Segment Start: RECORDS FOR THIS TASK
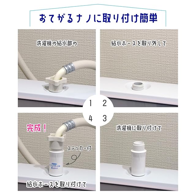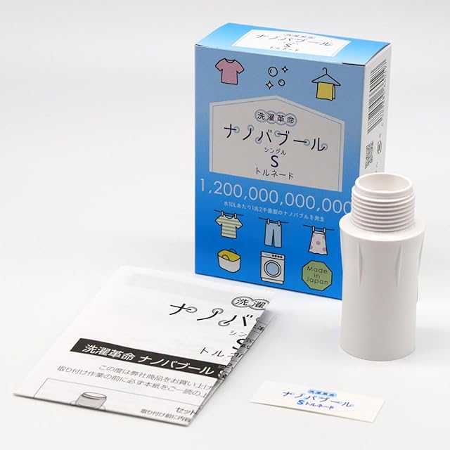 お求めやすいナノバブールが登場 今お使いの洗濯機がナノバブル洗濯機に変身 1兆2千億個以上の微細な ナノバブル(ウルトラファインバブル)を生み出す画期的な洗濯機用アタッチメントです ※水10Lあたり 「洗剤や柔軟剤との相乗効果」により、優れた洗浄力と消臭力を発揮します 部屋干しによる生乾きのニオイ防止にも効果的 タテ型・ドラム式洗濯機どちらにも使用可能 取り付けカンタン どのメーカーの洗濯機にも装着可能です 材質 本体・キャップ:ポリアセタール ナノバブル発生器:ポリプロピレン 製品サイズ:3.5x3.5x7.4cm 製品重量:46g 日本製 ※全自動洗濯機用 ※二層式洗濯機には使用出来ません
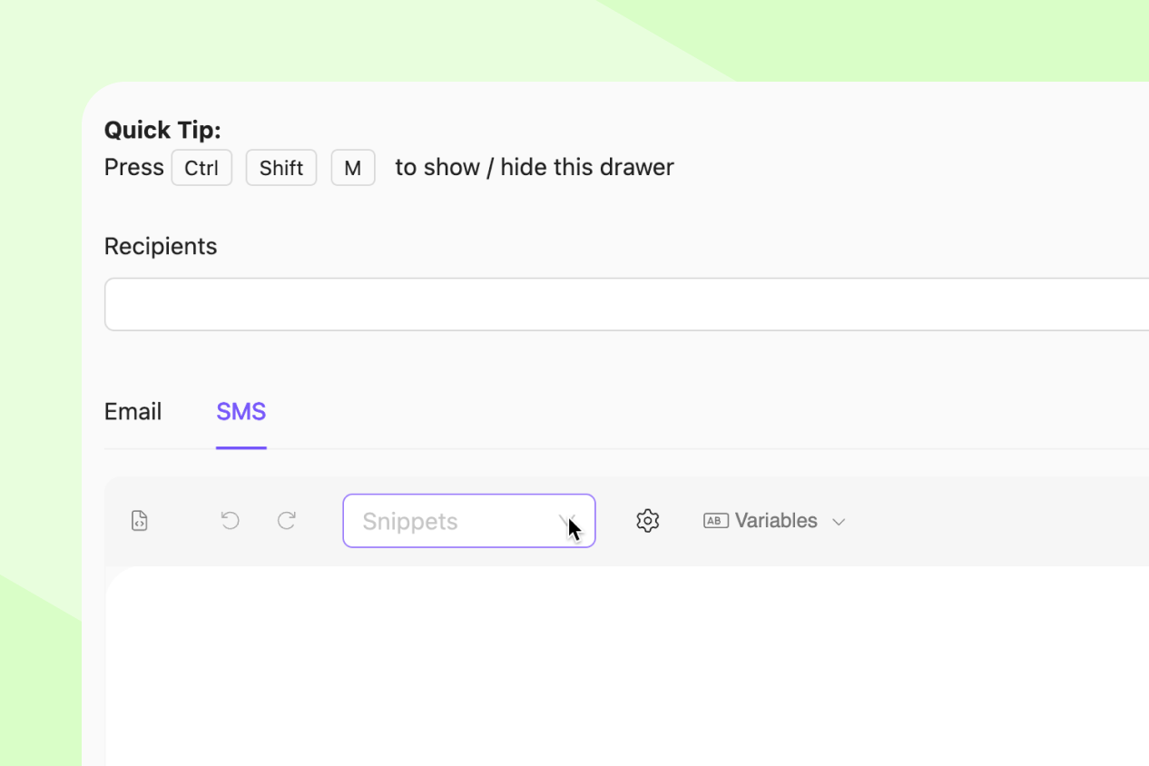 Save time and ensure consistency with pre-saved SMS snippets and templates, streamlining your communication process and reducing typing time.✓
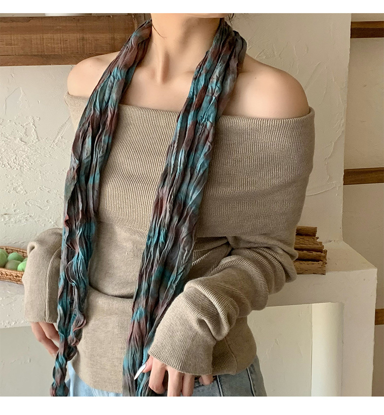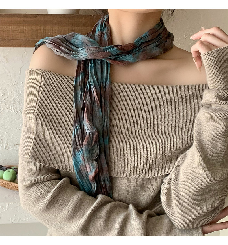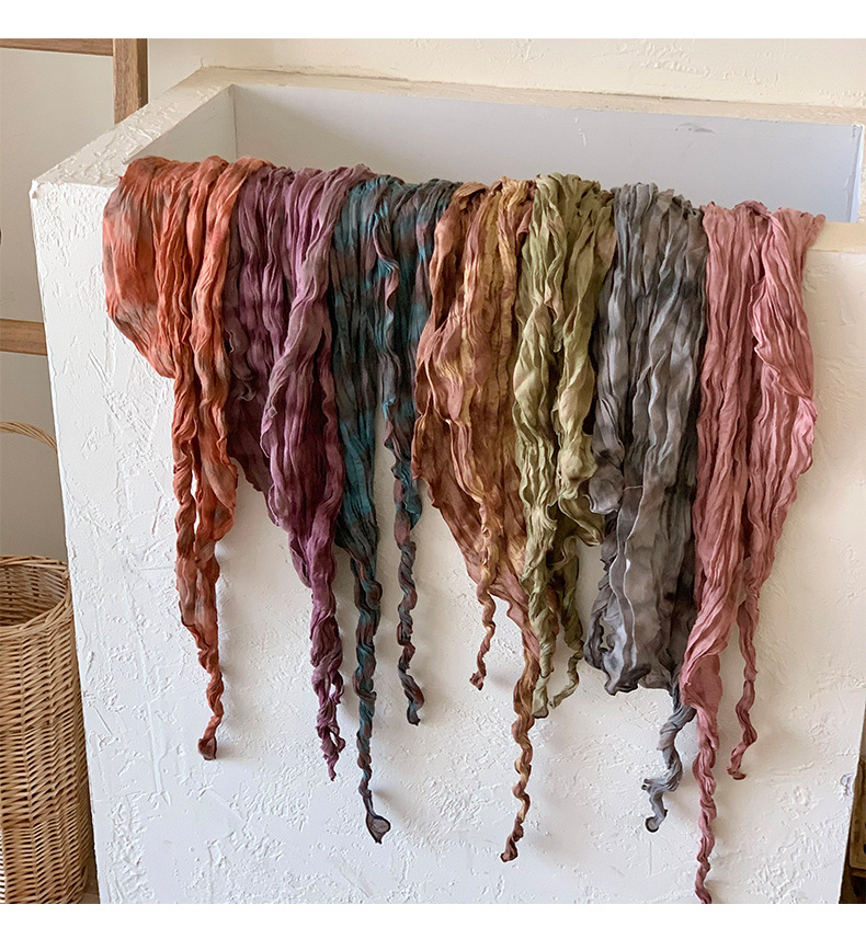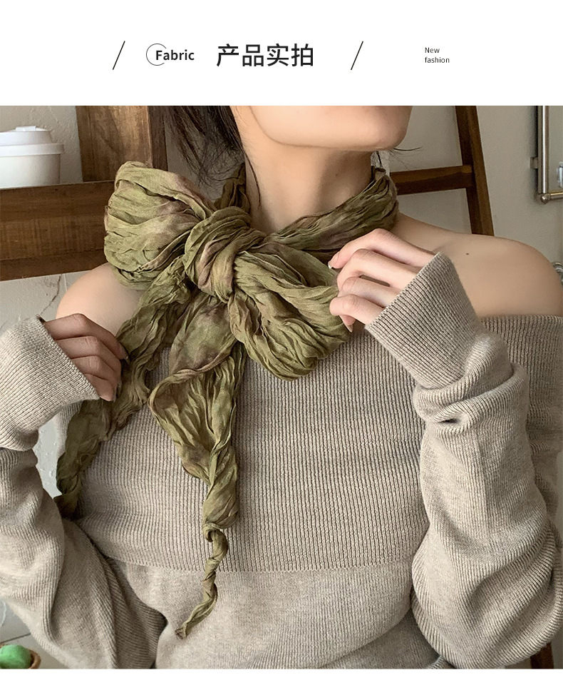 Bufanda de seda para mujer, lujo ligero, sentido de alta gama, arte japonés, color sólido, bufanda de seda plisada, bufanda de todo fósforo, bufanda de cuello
Segment End: RECORDS FOR THIS TASK
Segment Start: RECORDS FOR THIS TASK
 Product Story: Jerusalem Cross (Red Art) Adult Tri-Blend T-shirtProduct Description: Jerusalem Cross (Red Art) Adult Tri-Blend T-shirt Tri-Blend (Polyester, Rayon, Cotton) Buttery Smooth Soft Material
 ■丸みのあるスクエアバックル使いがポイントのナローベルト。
Segment End: RECORDS FOR THIS TASK
Segment Start: RECORDS FOR THIS TASK
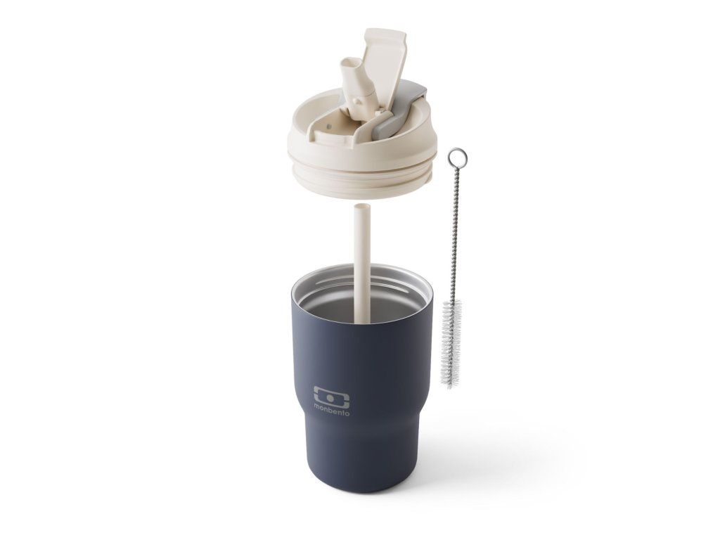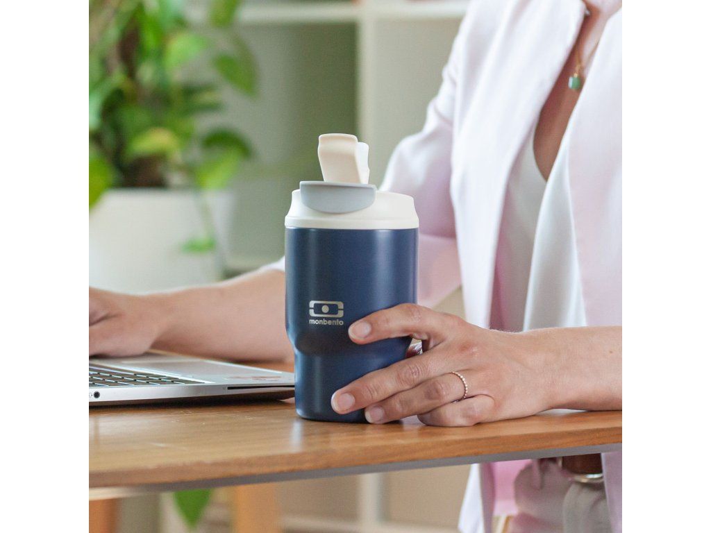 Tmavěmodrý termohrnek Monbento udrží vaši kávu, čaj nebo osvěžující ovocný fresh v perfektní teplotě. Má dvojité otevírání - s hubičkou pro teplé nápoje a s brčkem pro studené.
Segment End: RECORDS FOR THIS TASK
• EXERCISE PROMPT: In the listing above, find the line with "お求めやすいナノバブールが登場 今お使いの洗濯機がナノバブル洗濯機に変身 1兆2千億個以上の微細な" and the line with "Bufanda de seda para". Copy both of them and every line between, exactly, but not the pictures.

• REPLY TO THE EXERCISE:
 お求めやすいナノバブールが登場 今お使いの洗濯機がナノバブル洗濯機に変身 1兆2千億個以上の微細な ナノバブル(ウルトラファインバブル)を生み出す画期的な洗濯機用アタッチメントです ※水10Lあたり 「洗剤や柔軟剤との相乗効果」により、優れた洗浄力と消臭力を発揮します 部屋干しによる生乾きのニオイ防止にも効果的 タテ型・ドラム式洗濯機どちらにも使用可能 取り付けカンタン どのメーカーの洗濯機にも装着可能です 材質 本体・キャップ:ポリアセタール ナノバブル発生器:ポリプロピレン 製品サイズ:3.5x3.5x7.4cm 製品重量:46g 日本製 ※全自動洗濯機用 ※二層式洗濯機には使用出来ません
 Save time and ensure consistency with pre-saved SMS snippets and templates, streamlining your communication process and reducing typing time.✓
 Bufanda de seda para mujer, lujo ligero, sentido de alta gama, arte japonés, color sólido, bufanda de seda plisada, bufanda de todo fósforo, bufanda de cuello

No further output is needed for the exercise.